Thinking and feeling (A/C) determine the manner whereby we judge, or come to conclusions about our perceptions:
The thinking function (A) uses a logical process that links ideas together which then lead to a conclusion. It is an intellectual function which seeks to understand something.
The feeling function (C) uses a process of evaluation leading to like or dislike, acceptance or rejection. Something is accepted or rejected depending upon whether it arouses a pleasant or unpleasant feeling.
RELATING THE FOUR FUNCTIONS TO YOUR SOUL’S PURPOSE
It is extremely important to understand the operation of your Frontal Being and its habitual ways of functioning. The discovery and living of your Soul’s Purpose rests largely upon being able to free yourself from your Frontal Being’s mechanical, automatic habits.
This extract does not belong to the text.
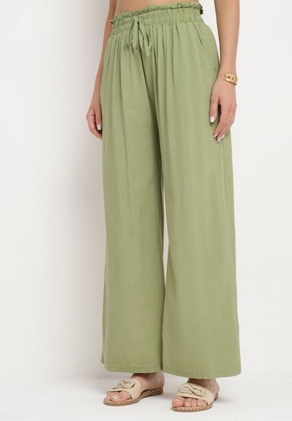 Zielone Spodnie Wiskozowe Palazzo z Wysokim Stanem i Gumką w Pasie Nasone
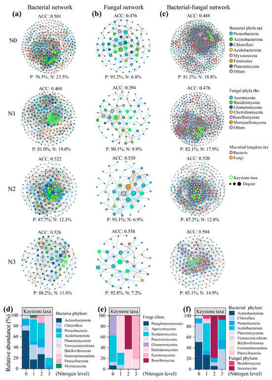 Effect of nitrogen (N) fertilisation on microbial co-occurrence patterns. (a) Bacterial, (b) fungal, and (c) Bacterial–fungal co-occurrence networks under different N fertilisation rates. The relative abundance of the keystone taxa in (d) bacterial, (e) fungal, and (f) Bacterial–fungal co-occurrence networks under different N fertilisation rates. The size of each node reflects the number of connections (degree), and the connection (edge) between two nodes reflects the value of Pearson and Spearman correlation scores (|r| > 0.8, p < 0.01). The blue edges indicate positive associations between two microbial nodes, while the red edges indicate negative associations. ACC, average clustering coefficients. N0, no N treatment; N1, low N treatment; N2, conventional N treatment; N3, high N treatment.

This is not to say that once you have found your mission in life that you will cease to have a Frontal Being. Nor is it to say that you must radically alter your personality temperament in order to live your Soul’s Purpose.
Instead, the problem that you and every seeker faces can be summarized as follows:
Your personality has certain strong predisposition’s for perceiving and evaluating life. There is nothing inherently wrong with your thinking style (your personality type). Your Soul’s Mission can be lived with those predominant feature. However, making heavy use of those predominant functions, you have slipped into habitual ways of seeing and reacting to life, you have become hypnotized into a sleeplike existence based upon routine rather than the conscious use of your will. This may have worked well to produce a comfortable, predictable life, but it probably does not result in a creative, dynamic life experience that will be fulfilling.